久しぶりに、清志郎が元気に歌っているのを動画で見ると、今でもなにか、込み上げてくるものがある。
この歌に描かれた情景は、まるで自分の記憶の中の思い出のようにくっきりと浮かび上がる。
わたしは中学生のとき以来、今に至るまで「うまく言えない、こんな気持ち」を忘れられないまま現在に至るから、こんなブログを書いているのかもしれない。

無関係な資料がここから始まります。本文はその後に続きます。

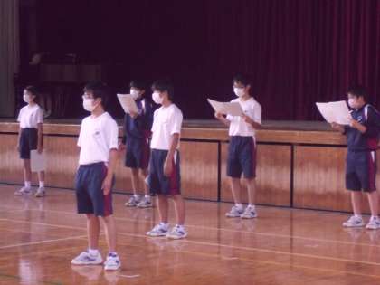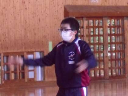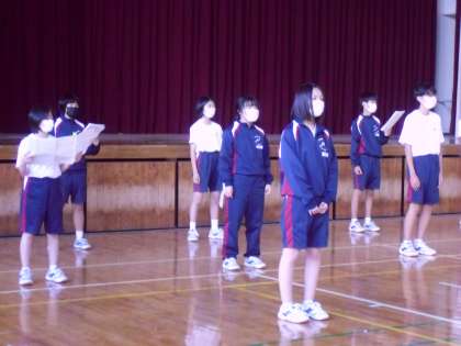 帰りの会終了後、体育館で2年生が合唱練習をしました。三つの学年の中で最も人数の少ない学年です。声量を心配していましたが、かなり前に声が出るようになってきました。写真は2年1組です。
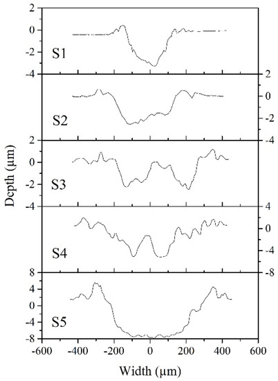 After sliding, the wear morphology of each film was revealed by measuring the surface depth across the wear track and profiled in Figure 6. The wear tracks generally go deeper and wider as lAg increases. The wear depth of S1, S2 and S3 are in the range between 2.5 to 3.2μm, while that of S4 and S5 reaches 5.5 and 8μm, respectively. The depth profile of the films suggests that S4 and S5 are worn through, while the wear loss is retained in S2 and S3. Correspondingly, the friction coefficient shifting to a higher value during sliding results from the exposure of the substrate in both S4 and S5.
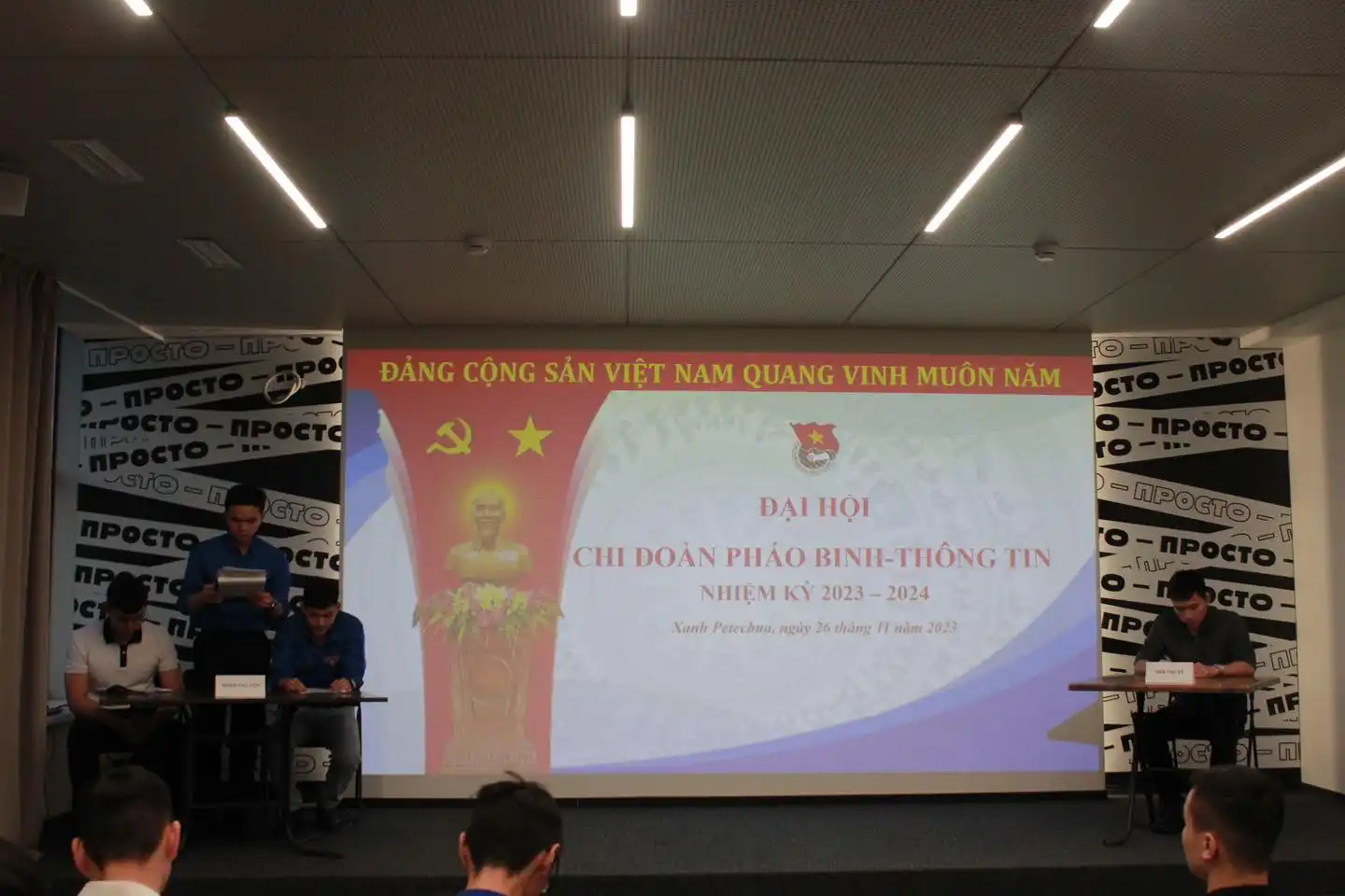 Được sự thống nhất của Chi uỷ Chi bộ Pháo binh – Thông tin và Đoàn Cơ sở Xanh Petecbua. Vào chiều ngày 26/11/2023 tại trung tâm dịch vụ Prosto đã diễn ra Đại hội Chi đoàn Pháo binh – Thông tin nhiệm kỳ 2023 – 2024 nhằm tổng kết, đánh giá hoạt động, công tác đoàn của Chi đoàn trong nhiệm kỳ 2022 – 2023 và bầu ra Ban Chấp hành mới có đủ uy tín, nhiệt huyết để lãnh đạo công tác, phong trào Đoàn của Chi đoàn trong nhiệm kỳ 2023 – 2024.
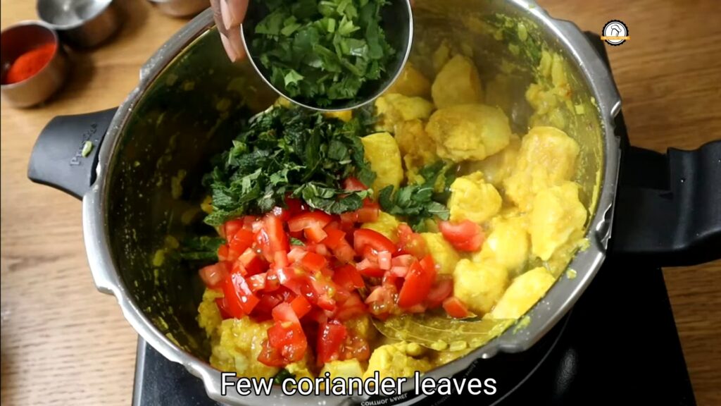 • Once done, open the cooker and garnish the curry with freshly chopped coriander leaves.

それまではずっと『ザ・ベストテン』を楽しみにして、その順位を毎週几帳面にノートに書きつけていたものだけど、RCサクセションを聴いたあたりから、だんだん歌謡曲もロック風歌謡曲も聴かなくなり、少し時代を遡って、ニッポンのロックやフォークを聴くようになった。
そのあたりからわたしの人生は狂いだしたのだと思う。
ああ。
しまったなあ。
つづく。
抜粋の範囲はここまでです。